DRAGEN FastQC

The DRAGEN FastQC module is a tool for calculating common metrics used for quality control of high-throughput sequencing data. The tool is modeled after the metrics generated by the FastQC tool from Babraham Institute.

The metrics are generated automatically on all DRAGEN map-align workflows, with no additional run time, and output in a CSV format file called <PREFIX>.fastqc_metrics.csv.

If you are only interested in sample QC or would like to obtain FastQC results only, DRAGEN provides a mode to generate the fastqc_metrics.csv file directly.

By default DRAGEN FastQC and read-trimming are run as preprocessing steps to standard sequence alignment workflows. If DNA alignment is not needed, or if QC results are needed more quickly, the mapping and BAM output portions of the workflow can be disabled. The workflow only outputs key metric files and runs ~70% faster. To use this option, enter --fastqc-only=true after the DRAGEN command.

Metric Granularity

Due to memory constraints, it is not possible to guarantee single-base resolution for all metrics. DRAGEN provides an algorithmic solution for binning via --fastqc-granularity. DRAGEN allocates 256 bins in memory for each size or position-based metric. The granularity value of 4–7 inclusive can be used to determine the bin size. High values use smaller bins for greater resolution. Lower values can be used to create larger bins for larger read-lengths.

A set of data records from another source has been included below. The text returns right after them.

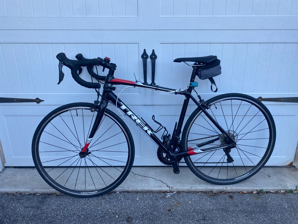 Selling a Trek road bike in black and white. It's in great condition. Comes with a lot of accessories shown in pictures! Perfect for anyone looking to get into cycling or upgrade their current bike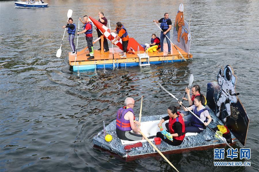 當(dāng)日,一年一度的水上狂歡活動(dòng)“浴缸劃船節(jié)”在比利時(shí)迪南舉行。該活動(dòng)要求參賽者制造的船上至少帶有一個(gè)浴缸,參賽者需完成一千米的水上巡游,最后根據(jù)設(shè)計(jì)創(chuàng)意及現(xiàn)場表演而非行進(jìn)速度評選出優(yōu)勝者?!霸「讋澊?jié)”始于1982年,今年的主題是"我們在月球漫步"。 新華社記者 張鋮 攝
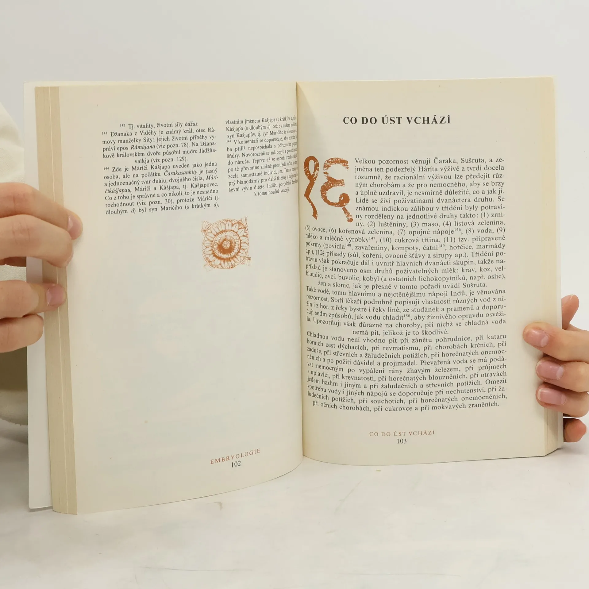 Důkladné, odborné, mnohými poznámkami vybavené pojednání o starodávném lékařském učení, které vzniklo a tradovalo se v Indii. Je neodmyslitelně spojené s indickým náboženským a duchovním životem. Není však založené na pověrách, ale na neobyčejném přesném a citlivém pozorovaní pochodů v lidském organismu.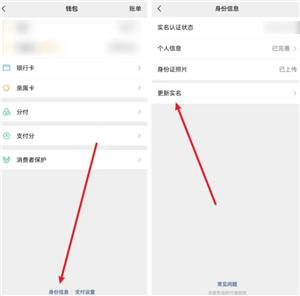 2.进入钱包后我们能看到底部有“身份信息”和“支付信息”两个选项,我们点击【身份信息】,然后就能看到【更新实名】的入口;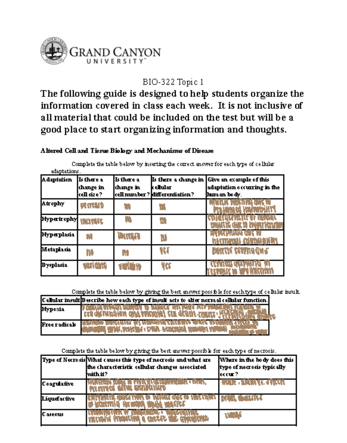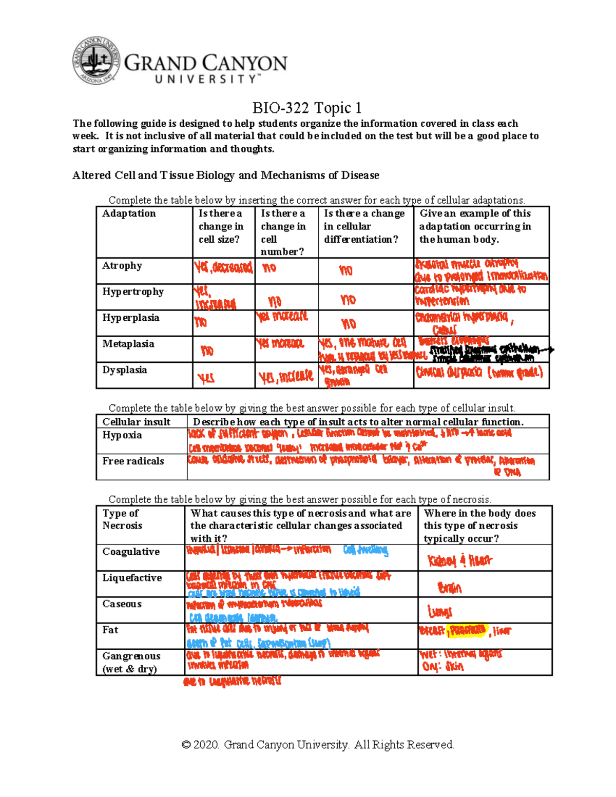 Topic 1 Study Guide BIO322 Topic 1 The following guide is

Granularity	Single Base Resolution (bp)	Resolution at 150 (bp)	Recommended Read-Lengths (bp)
7 (default)	1–255	1	< 256
6	1–128	2	≥ 256 and < 507
5	1–64	4	≥ 507 and < 4031
4	1–32	8	≥ 4031

Adapter and Kmer Sequence Files

To include metrics for adapter or other sequence content, DRAGEN FastQC needs the desired sequences to be provided in FASTA format. For this purpose, DRAGEN provides the following options for this purpose:

•

For adapter sequences, use --fastqc-adapter-file.

•

For any additional kmers of interest, use --fastqc-kmer-file.

With the --fastqc-kmer-file option, you can add sequences of interest without changing the expected adapter results.

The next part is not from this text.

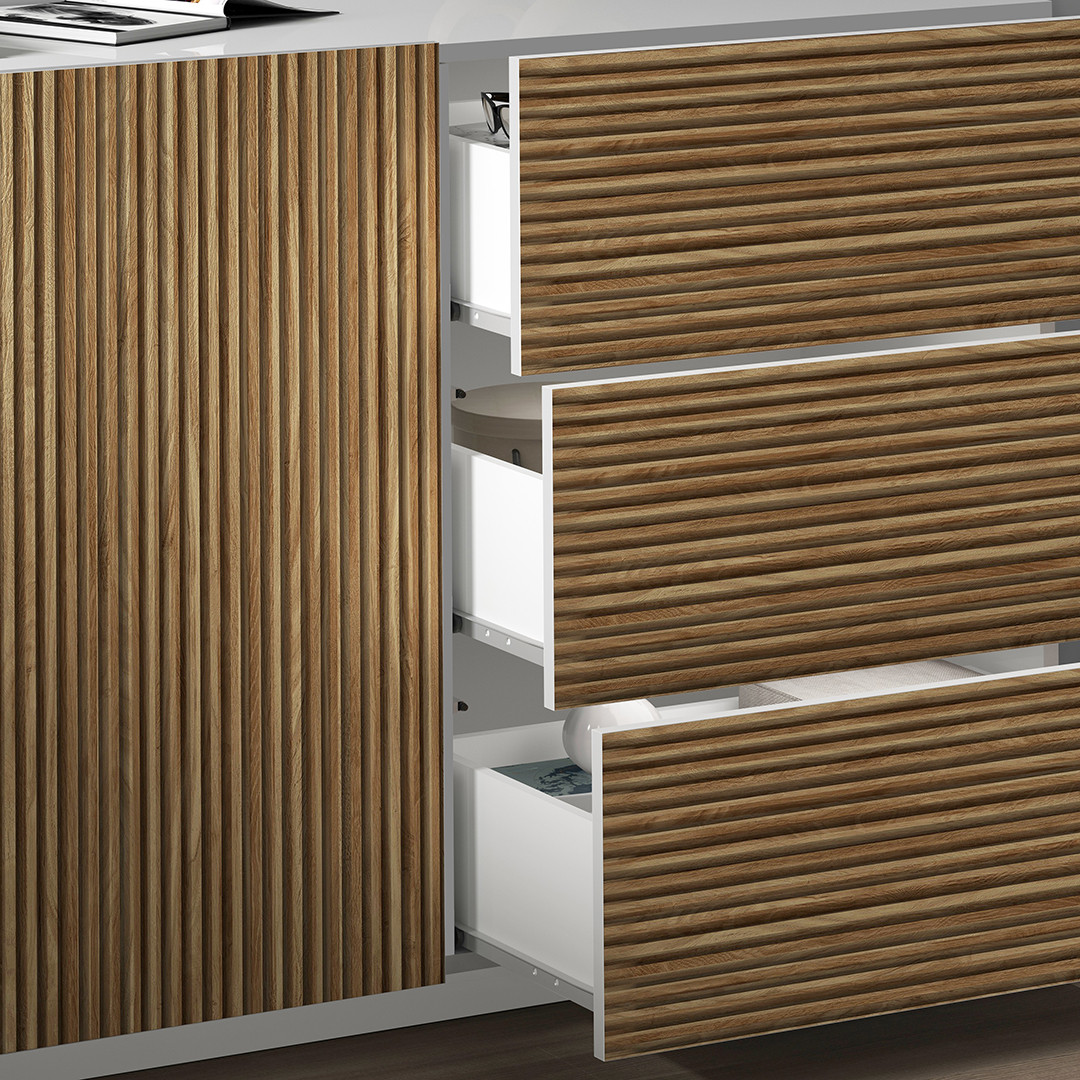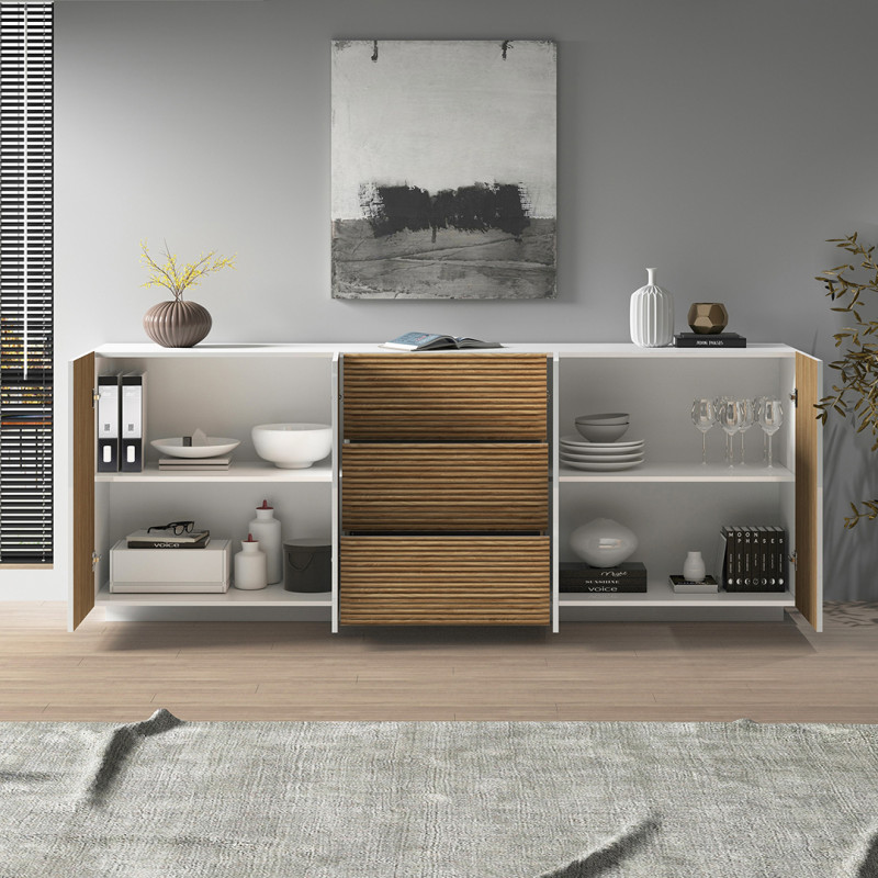 En tant que meuble de salle à manger polyvalent, le Costarica s'intègre avec naturel dans une salle à manger industrielle ou dans tout intérieur au style contemporain. Son design épuré et ses lignes droites créent une atmosphère à la fois chaleureuse et structurée, propice aux repas en famille comme aux réceptions entre amis. Que vous l'associiez à une table en bois massif, à des chaises en métal ou à un éclairage suspendu, ce meuble saura s'adapter avec élégance à votre univers décoratif.

DRAGEN FastQC can accept up to a combined total of 16 adapters and kmer sequences. Each sequence can be a maximum of 12 bp in length. By default, DRAGEN uses the adapter file located at /opt/edico/config/adapter_sequences.fasta. The file contains the following adapter sequences, which are the same as the FastQC from the Babraham Institute (v 0.11.10 and later).

•

Illumina Universal Adapter—AGATCGGAAGAG

•

Illumina Small RNA 3' Adapter—TGGAATTCTCGG

•

Illumina Small RNA 5' Adapter—GATCGTCGGACT

•

Nextera Transposase Sequence—CTGTCTCTTATA

FastQC Metrics Output

The FastQC metrics are output to a CSV file format in the run output directory called <PREFIX>.fastqc_metrics.csv.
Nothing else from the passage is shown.